| Task goal |
Leaving out every picture, copy the lines of the data exactly, from the first through the line containing "Write down the".

(Dataset excerpts)
^^^^^^^^^^^^^^^^

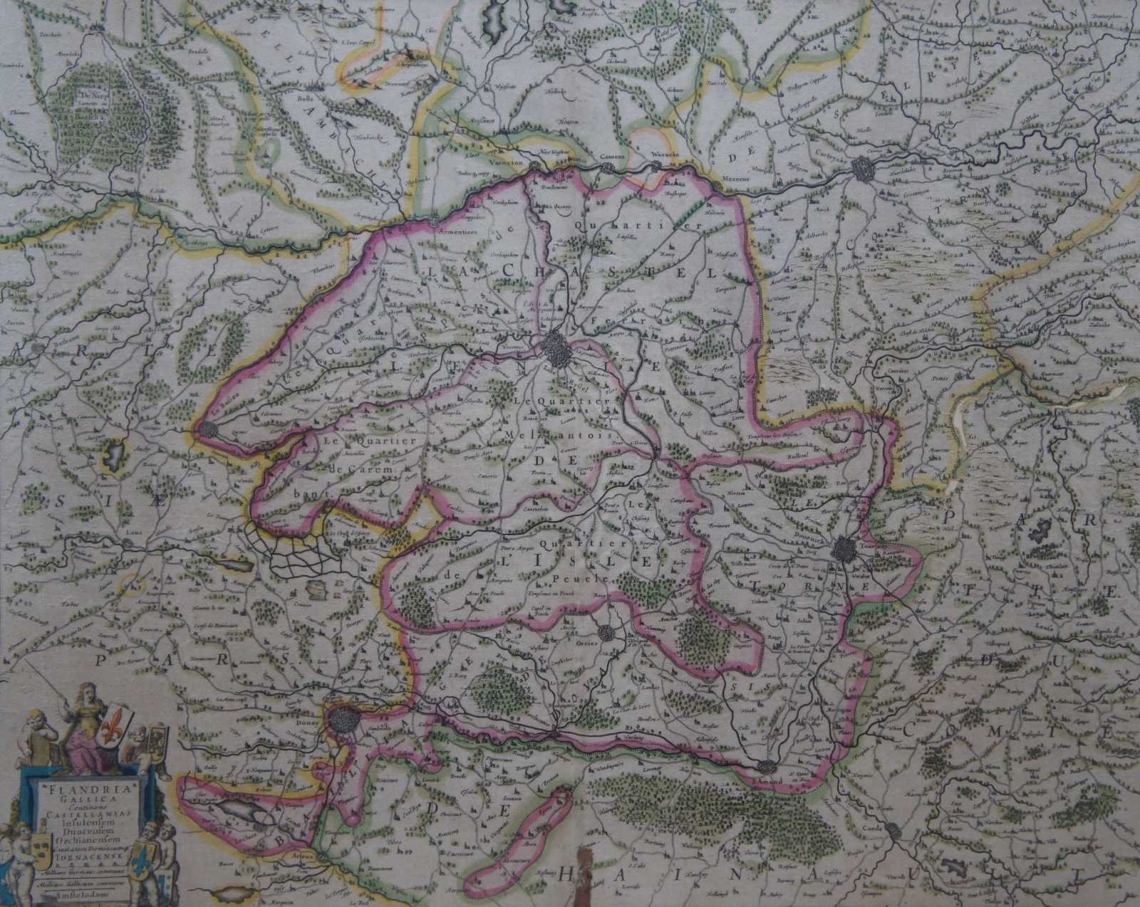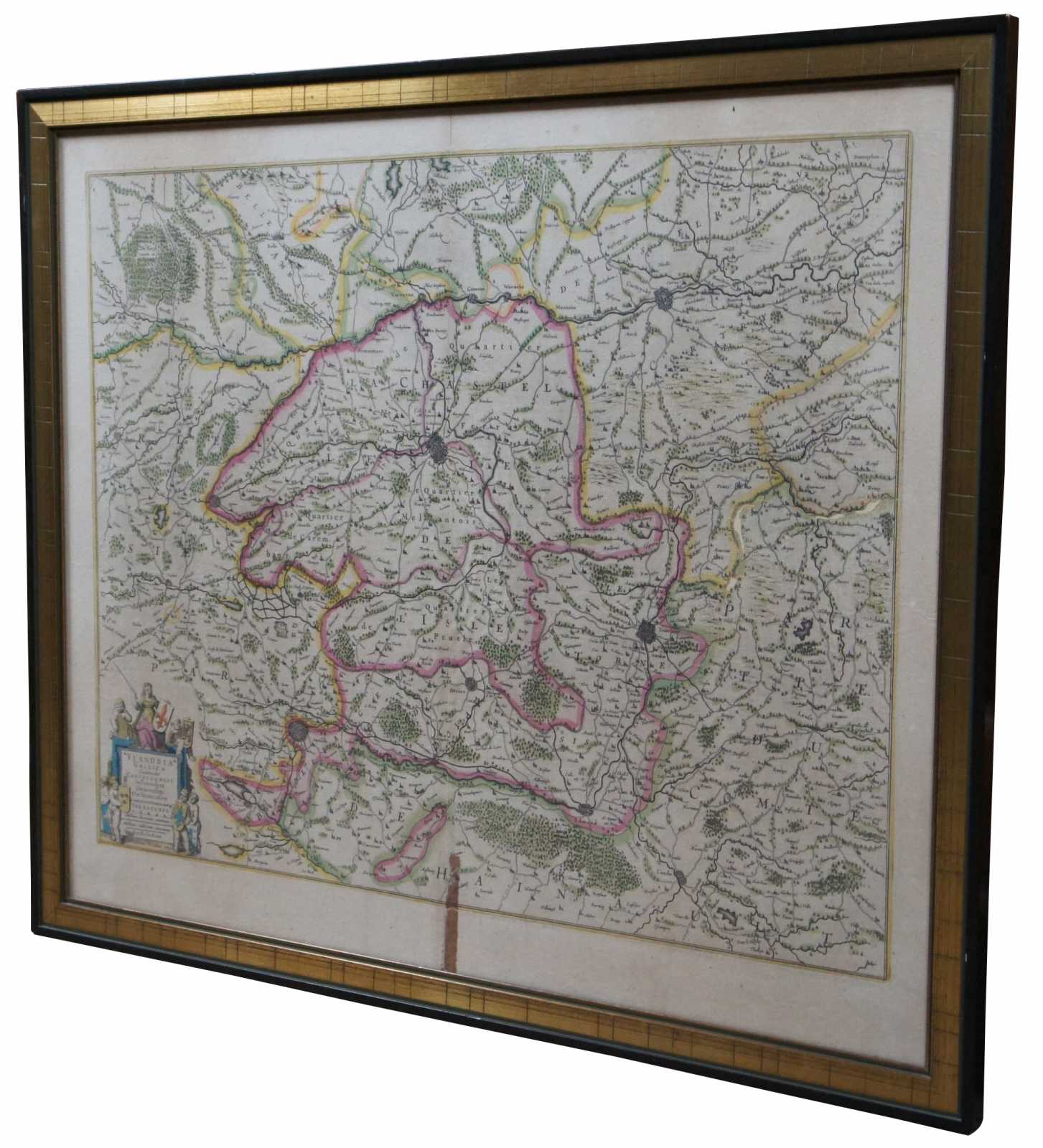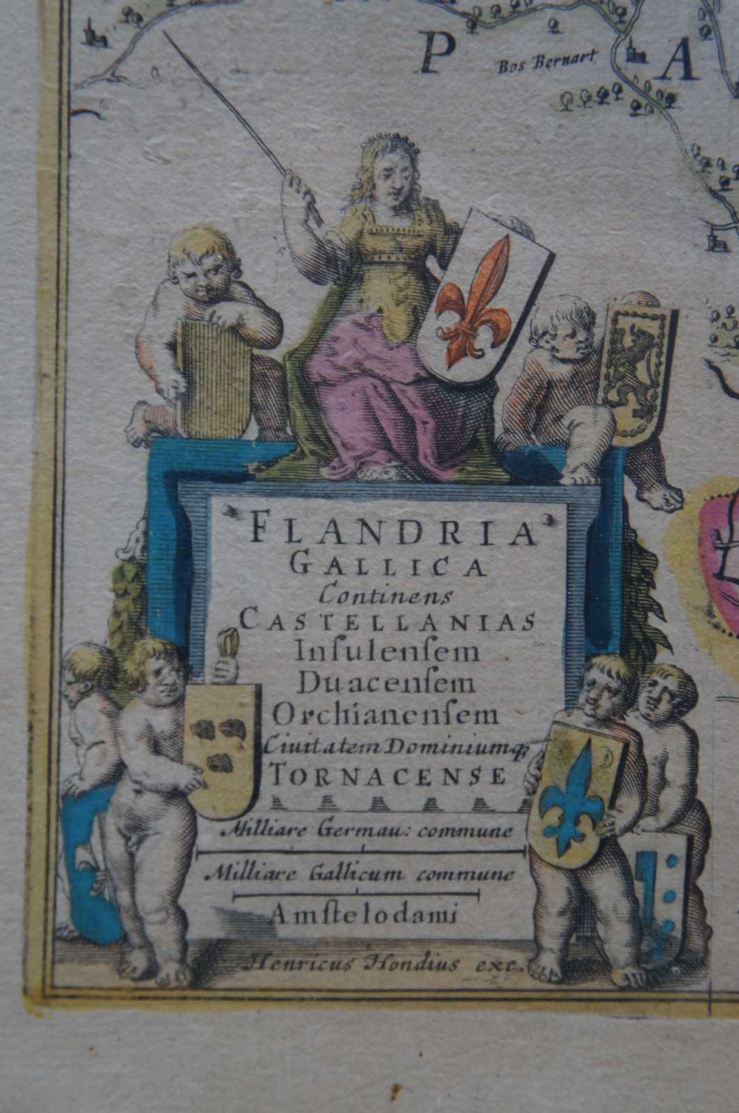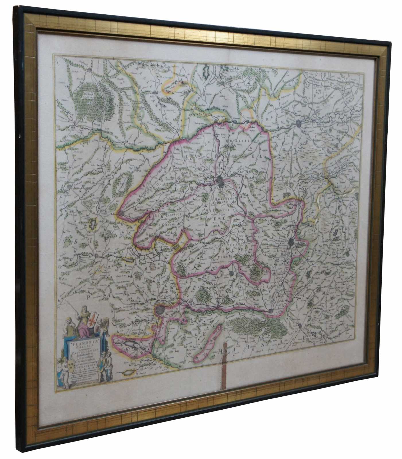 Antique hand colored map of Flanders, Belgium, circa 1630, engraved by Henricus Hondius. “Henricus Hondius II (1597 – 16 August 1651) was a Dutch engraver, cartographer, and publisher. He was born in Amsterdam, the son of the famous cartographer Jodocus Hondius who had started a map-making business in the city. Henricus obtained the original plates of the Mercator 1569 world map, and published a 1606 version of it. After his father died in 1612 Henricus co-ran the business with his brother-in-law.[1] In 1621 opened his own company in his hometown. The first time his name was mentioned in an atlas was in 1623 when he published the fifth edition of the Mercator-Hondius atlas. After 1628 Henricus partnered with the cartographer Jan Janssonius and together they continued the business. He died in Amsterdam.
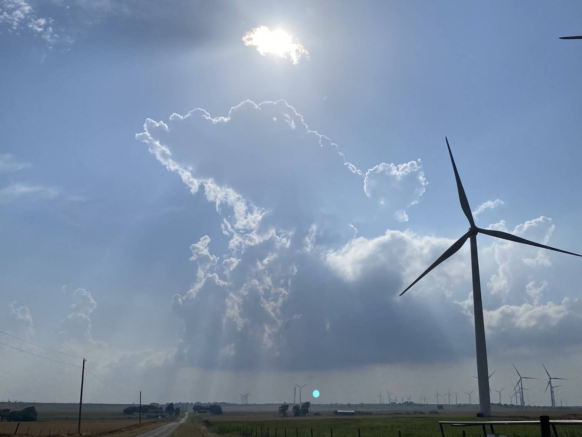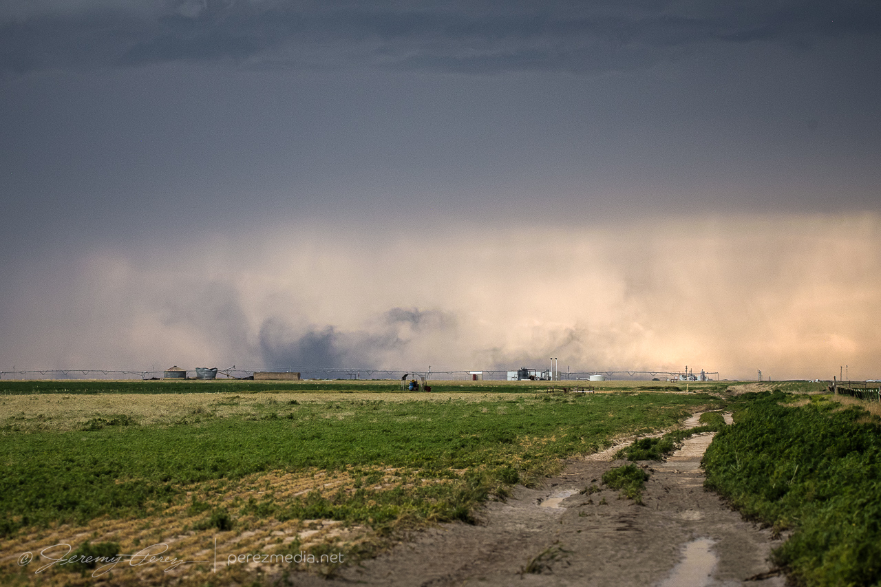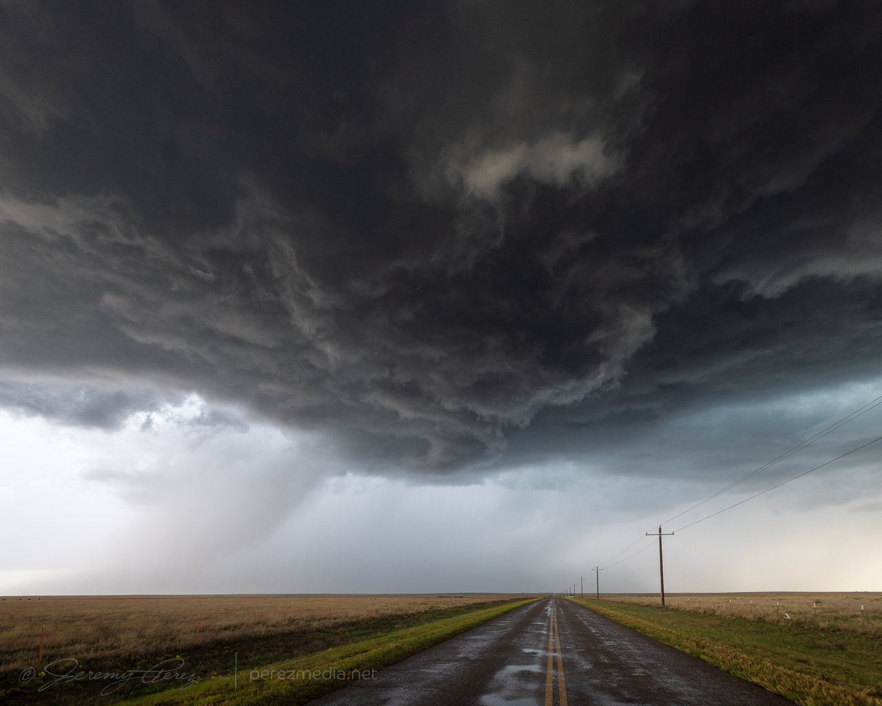 After hustling north from Fort Stockton that morning, I caught up with a cell north of Gruver. It danced on the threshold of multicell and marginal supercell as it slowly drifted northeast.
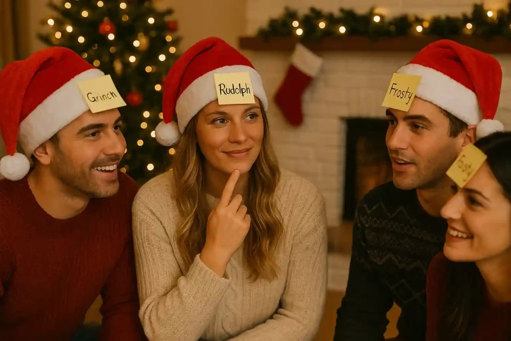 Write down the names of well-known Christmas characters or festive items on sticky notes. Each player sticks a note on another person’s forehead without looking at what it says. Players take turns asking yes or no questions to figure out who or what they are, such as “Am I a movie character?” or “Do I exist in real life?” The first person to guess correctly wins. You can play it as a separate game or mix it into other activities for added fun.
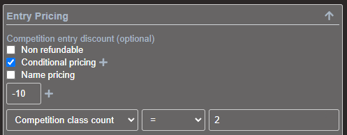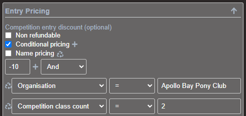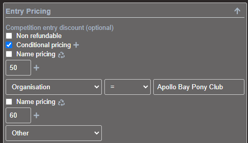 Conditional Pricing is where you want a cost to be conditional based whether a set of conditions are present or not. For example if a rider is a member of the host club they may receive a discount to their entry fee. Note: Conditional pricing is usually used to give discounts but it can also give surcharges. If providing a discount make sure to include a negative sign.
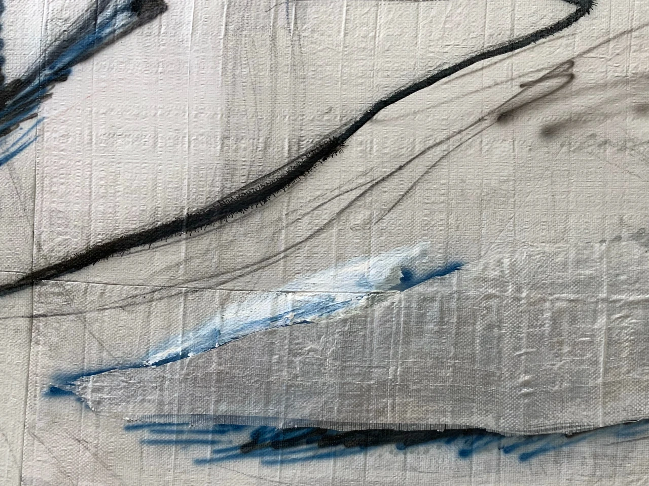 МатериалыТканевые мусорные мешки на подрамнике, уголь, аэрограф
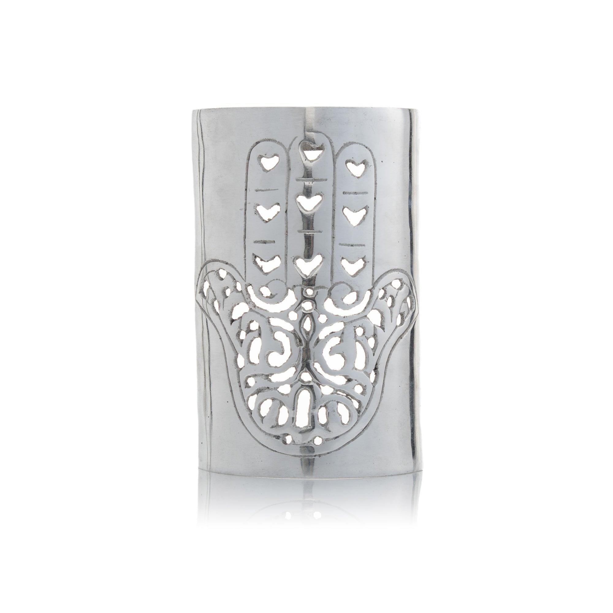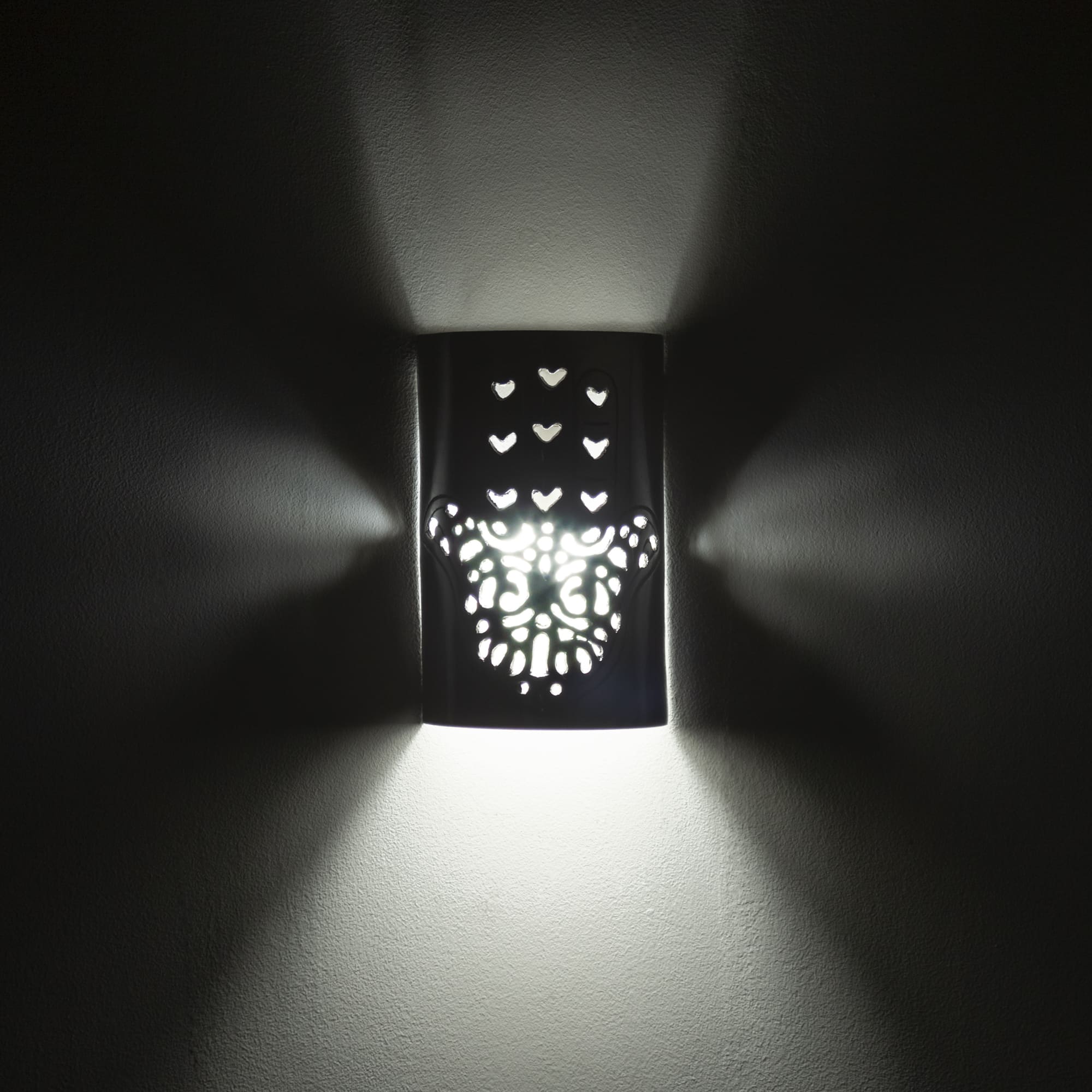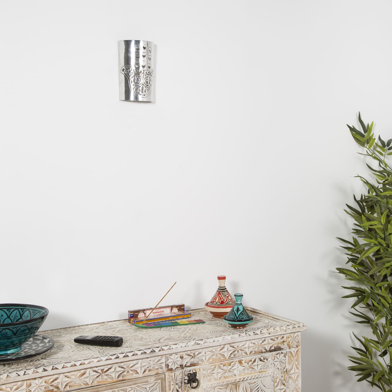 Applique murale en aluminium de style arabe ornée de la Main de Fatima, symbole mystique de protection contre les ténèbres et les énergies négatives. Cette applique murale arabe apporte protection et lumière à votre intérieur. Installation électrique non incluse.
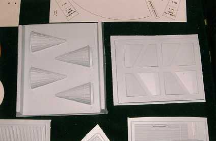 [Parts Pic]The most difficult part of the build, IMO, is building the fins. This consists of cutting the fin halves out of the vacu-form and joining them together. Sounds pretty simple but I strongly suggest taking your time! You are instructed to trim the plastic to approx. 1/16" around the fin, then trim the root edge flush to aid in alignment. The instructions tell you to sand away 1/2 the thickness of the "flange" and then bond together. When dry, you can then sand away the excess plastic. It sounds simple but can be very time consuming. The result, however is worth the time!
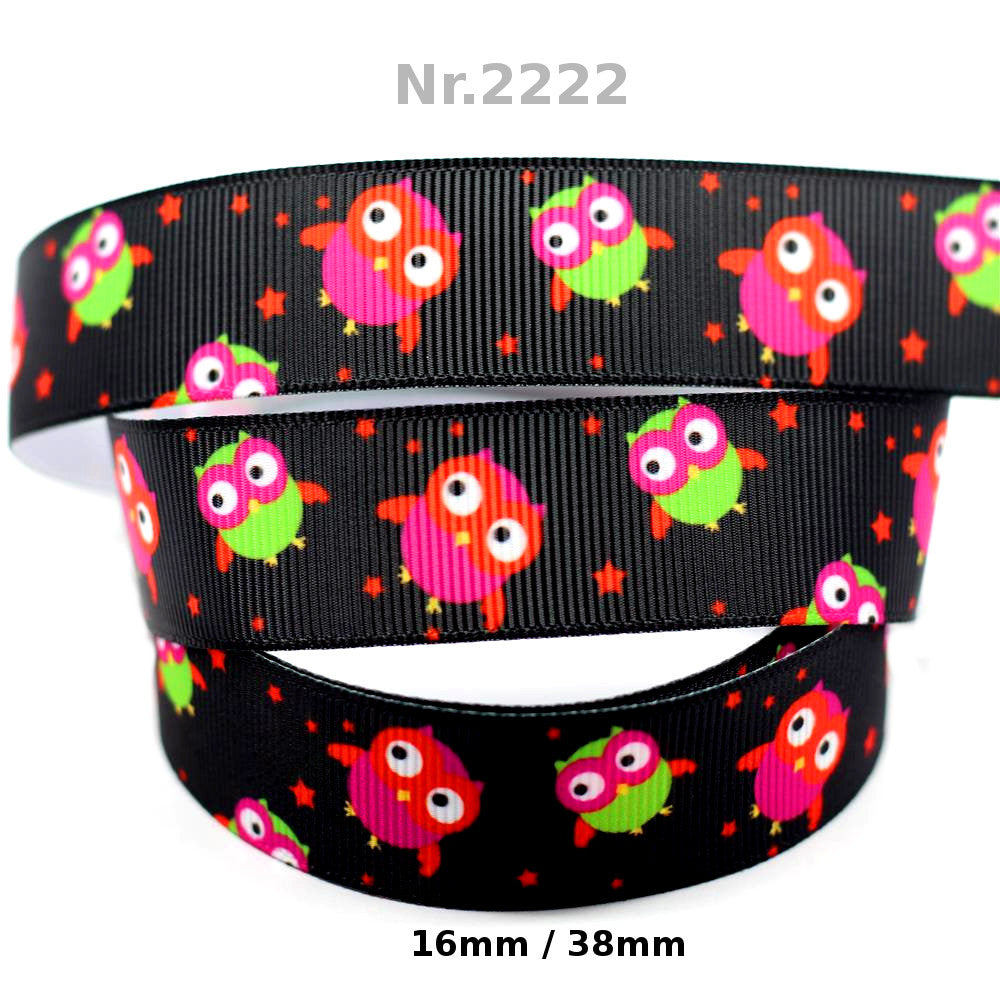 Lustige Vögelchen im Comic-Stil treffen auf kleine Sternchen – ein verspieltes und farbenfrohes Design! Der schwarze Hintergrund hebt die niedlichen Details besonders hervor und macht das Band zu einem echten Hingucker für jedes kreative Projekt.

^^^^^^^^^^^^^^^^

| Finished task |
 Antique hand colored map of Flanders, Belgium, circa 1630, engraved by Henricus Hondius. “Henricus Hondius II (1597 – 16 August 1651) was a Dutch engraver, cartographer, and publisher. He was born in Amsterdam, the son of the famous cartographer Jodocus Hondius who had started a map-making business in the city. Henricus obtained the original plates of the Mercator 1569 world map, and published a 1606 version of it. After his father died in 1612 Henricus co-ran the business with his brother-in-law.[1] In 1621 opened his own company in his hometown. The first time his name was mentioned in an atlas was in 1623 when he published the fifth edition of the Mercator-Hondius atlas. After 1628 Henricus partnered with the cartographer Jan Janssonius and together they continued the business. He died in Amsterdam.
 After hustling north from Fort Stockton that morning, I caught up with a cell north of Gruver. It danced on the threshold of multicell and marginal supercell as it slowly drifted northeast.
 Write down the names of well-known Christmas characters or festive items on sticky notes. Each player sticks a note on another person’s forehead without looking at what it says. Players take turns asking yes or no questions to figure out who or what they are, such as “Am I a movie character?” or “Do I exist in real life?” The first person to guess correctly wins. You can play it as a separate game or mix it into other activities for added fun.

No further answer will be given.